**What to work on:**
Your output should consist of the lines from the first line of the records below through the one with "AILEQ 925银天然玉髓葫芦福禄双全链项链时尚珠宝明星同款饰品K10", exactly, minus the pictures.

^^^^^^^^^^^^^^^^

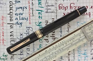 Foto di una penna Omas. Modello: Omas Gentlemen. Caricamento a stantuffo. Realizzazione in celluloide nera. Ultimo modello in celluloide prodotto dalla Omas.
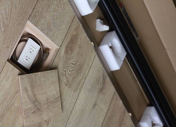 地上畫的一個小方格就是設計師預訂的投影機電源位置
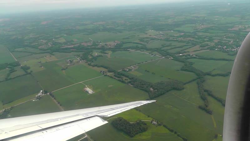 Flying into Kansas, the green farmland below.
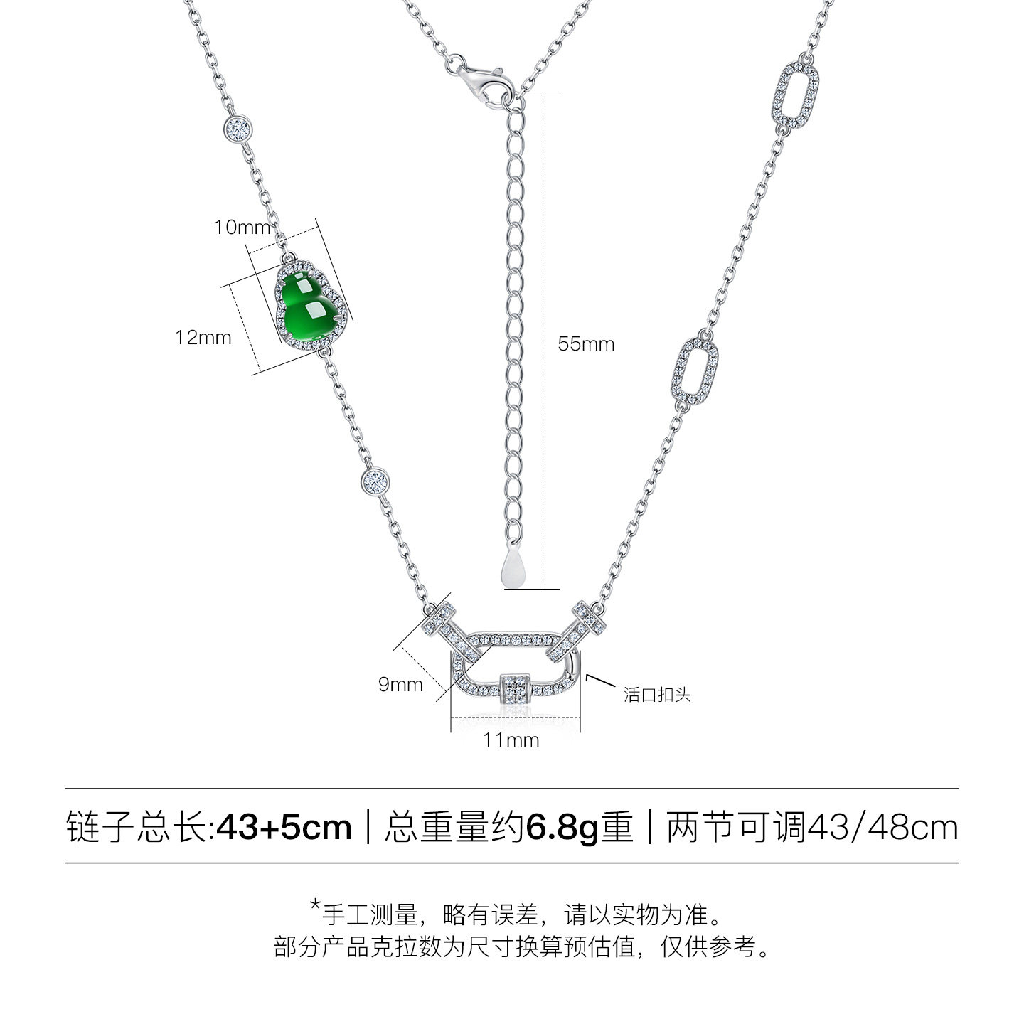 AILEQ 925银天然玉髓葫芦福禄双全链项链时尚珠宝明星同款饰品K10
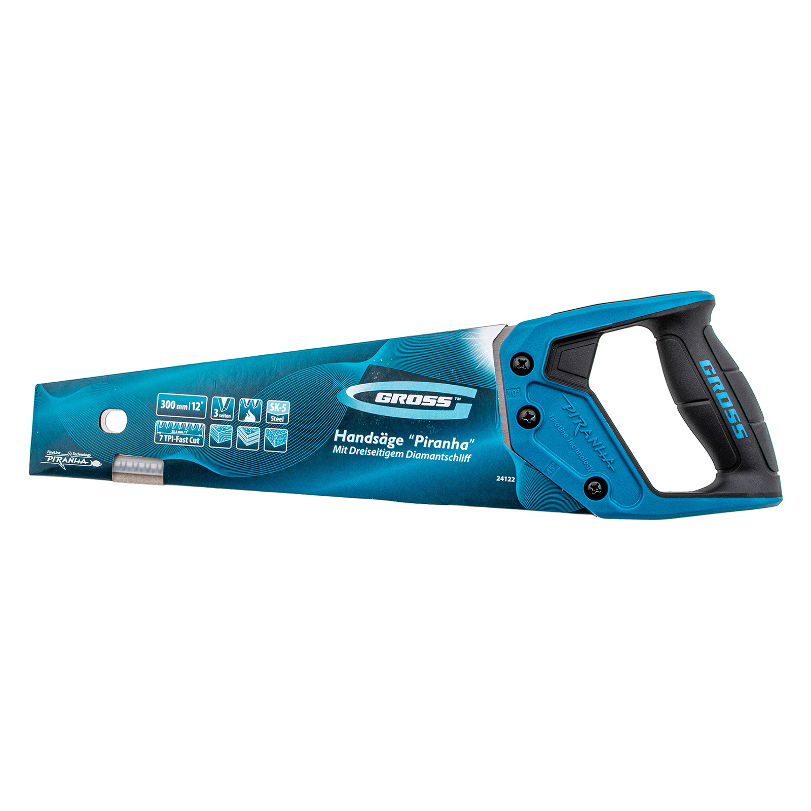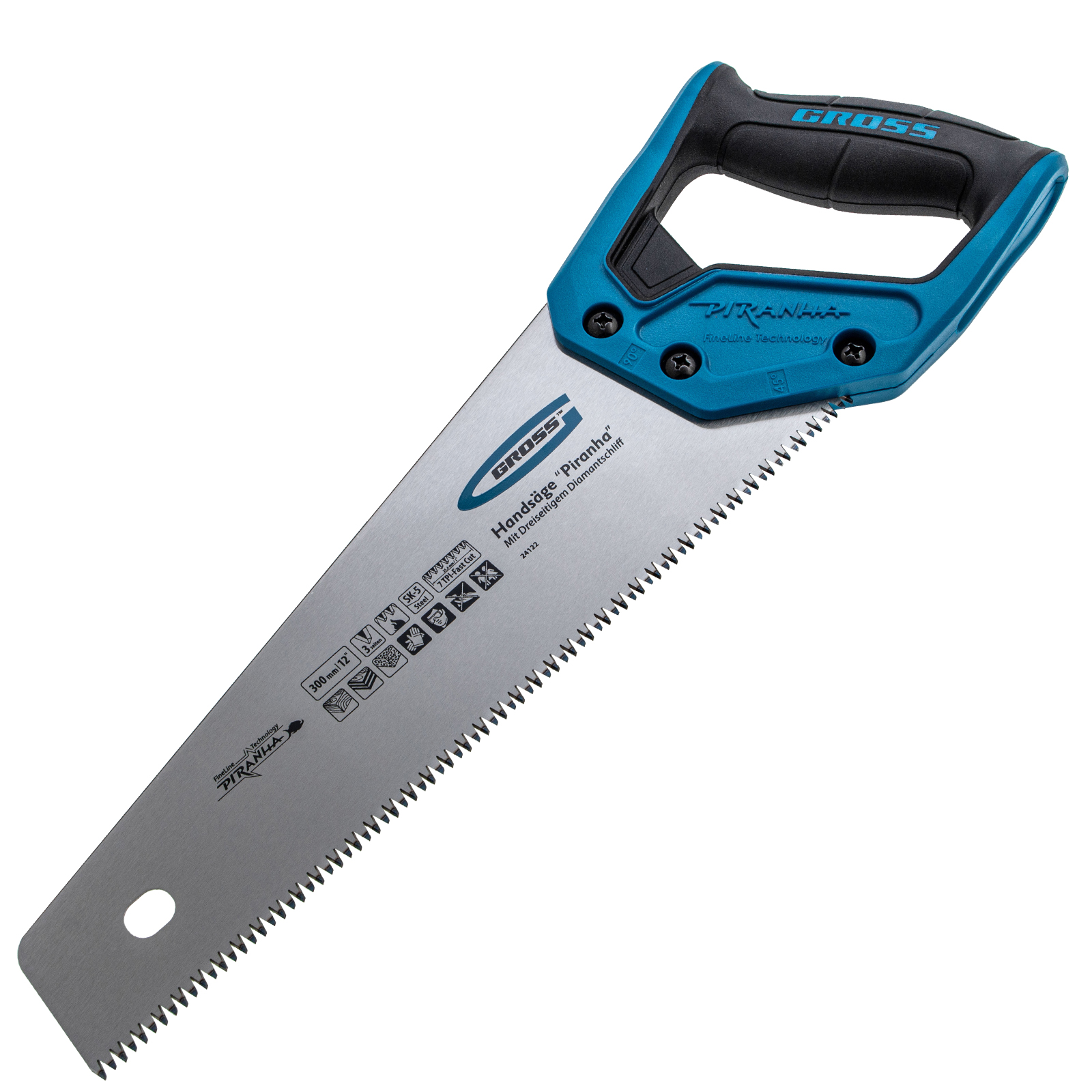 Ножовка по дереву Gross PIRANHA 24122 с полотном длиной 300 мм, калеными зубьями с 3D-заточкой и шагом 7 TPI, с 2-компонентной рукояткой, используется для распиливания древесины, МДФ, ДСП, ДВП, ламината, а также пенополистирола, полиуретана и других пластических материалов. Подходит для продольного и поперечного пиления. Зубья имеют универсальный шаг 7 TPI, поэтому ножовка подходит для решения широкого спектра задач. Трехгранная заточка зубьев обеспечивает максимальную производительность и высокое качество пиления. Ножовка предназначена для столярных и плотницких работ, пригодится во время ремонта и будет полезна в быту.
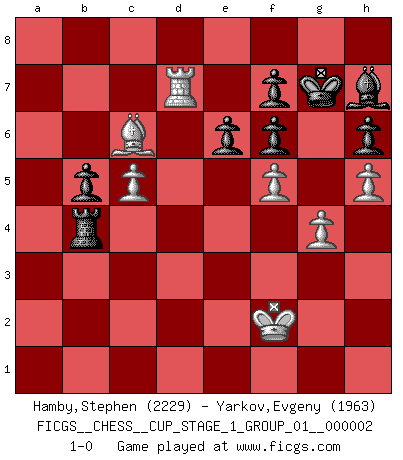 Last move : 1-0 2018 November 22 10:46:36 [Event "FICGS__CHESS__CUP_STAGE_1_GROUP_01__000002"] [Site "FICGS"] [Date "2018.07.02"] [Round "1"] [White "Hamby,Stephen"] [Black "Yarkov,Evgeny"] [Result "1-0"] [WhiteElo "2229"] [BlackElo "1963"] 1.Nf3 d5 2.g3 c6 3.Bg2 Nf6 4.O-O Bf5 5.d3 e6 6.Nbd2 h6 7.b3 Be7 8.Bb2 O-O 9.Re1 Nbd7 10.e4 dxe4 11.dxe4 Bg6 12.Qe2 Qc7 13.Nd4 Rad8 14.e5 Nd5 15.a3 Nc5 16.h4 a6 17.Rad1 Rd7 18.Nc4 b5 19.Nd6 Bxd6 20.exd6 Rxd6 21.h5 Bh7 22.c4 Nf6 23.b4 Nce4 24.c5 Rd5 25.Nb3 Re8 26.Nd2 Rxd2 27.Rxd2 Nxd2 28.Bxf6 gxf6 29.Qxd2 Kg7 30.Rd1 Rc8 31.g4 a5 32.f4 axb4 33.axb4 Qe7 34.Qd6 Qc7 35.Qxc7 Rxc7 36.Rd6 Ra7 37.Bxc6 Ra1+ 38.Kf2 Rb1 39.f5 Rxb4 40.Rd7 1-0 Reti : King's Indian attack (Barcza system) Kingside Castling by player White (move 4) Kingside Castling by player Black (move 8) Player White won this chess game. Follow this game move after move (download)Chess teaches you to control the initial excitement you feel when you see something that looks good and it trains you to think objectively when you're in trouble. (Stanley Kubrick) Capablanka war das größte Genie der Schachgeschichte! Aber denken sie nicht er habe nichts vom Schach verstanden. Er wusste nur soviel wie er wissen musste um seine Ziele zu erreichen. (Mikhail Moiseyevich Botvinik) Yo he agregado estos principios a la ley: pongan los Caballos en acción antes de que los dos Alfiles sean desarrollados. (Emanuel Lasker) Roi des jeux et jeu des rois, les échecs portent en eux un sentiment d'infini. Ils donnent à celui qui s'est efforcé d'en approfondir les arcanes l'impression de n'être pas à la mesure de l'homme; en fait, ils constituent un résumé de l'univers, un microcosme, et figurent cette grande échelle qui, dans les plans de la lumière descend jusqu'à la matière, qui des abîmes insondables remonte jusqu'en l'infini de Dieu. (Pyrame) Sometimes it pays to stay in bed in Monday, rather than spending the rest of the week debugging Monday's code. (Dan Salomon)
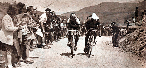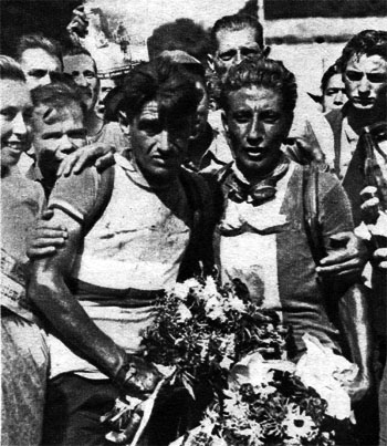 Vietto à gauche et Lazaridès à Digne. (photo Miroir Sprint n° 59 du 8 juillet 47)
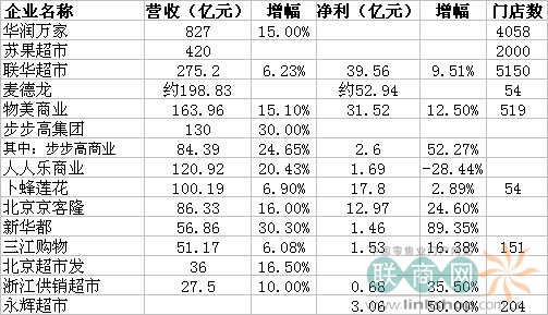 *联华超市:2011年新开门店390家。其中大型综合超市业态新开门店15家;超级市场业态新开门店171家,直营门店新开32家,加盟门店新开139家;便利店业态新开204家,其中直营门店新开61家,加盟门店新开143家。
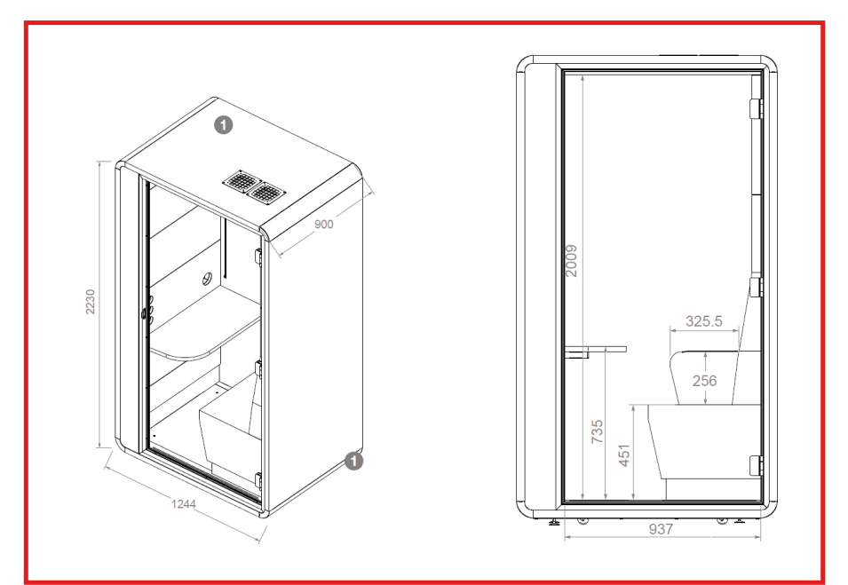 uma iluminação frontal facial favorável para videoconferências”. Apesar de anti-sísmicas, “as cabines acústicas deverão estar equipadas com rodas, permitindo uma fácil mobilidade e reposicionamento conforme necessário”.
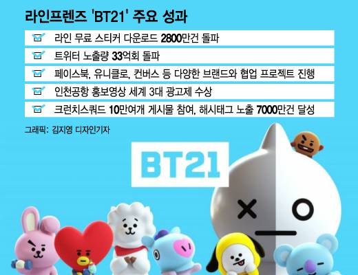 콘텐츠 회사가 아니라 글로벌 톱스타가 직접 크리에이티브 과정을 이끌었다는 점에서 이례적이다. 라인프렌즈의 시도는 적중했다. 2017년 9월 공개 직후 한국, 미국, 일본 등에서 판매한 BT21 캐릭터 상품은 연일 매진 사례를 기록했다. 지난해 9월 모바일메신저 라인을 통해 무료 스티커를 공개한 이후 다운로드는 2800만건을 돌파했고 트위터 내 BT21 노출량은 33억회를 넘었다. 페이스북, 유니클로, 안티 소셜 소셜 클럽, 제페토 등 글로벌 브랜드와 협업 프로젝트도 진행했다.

^^^^^^^^^^^^^^^^

**Result of the exercise:**
 Foto di una penna Omas. Modello: Omas Gentlemen. Caricamento a stantuffo. Realizzazione in celluloide nera. Ultimo modello in celluloide prodotto dalla Omas.
 地上畫的一個小方格就是設計師預訂的投影機電源位置
 Flying into Kansas, the green farmland below.
 AILEQ 925银天然玉髓葫芦福禄双全链项链时尚珠宝明星同款饰品K10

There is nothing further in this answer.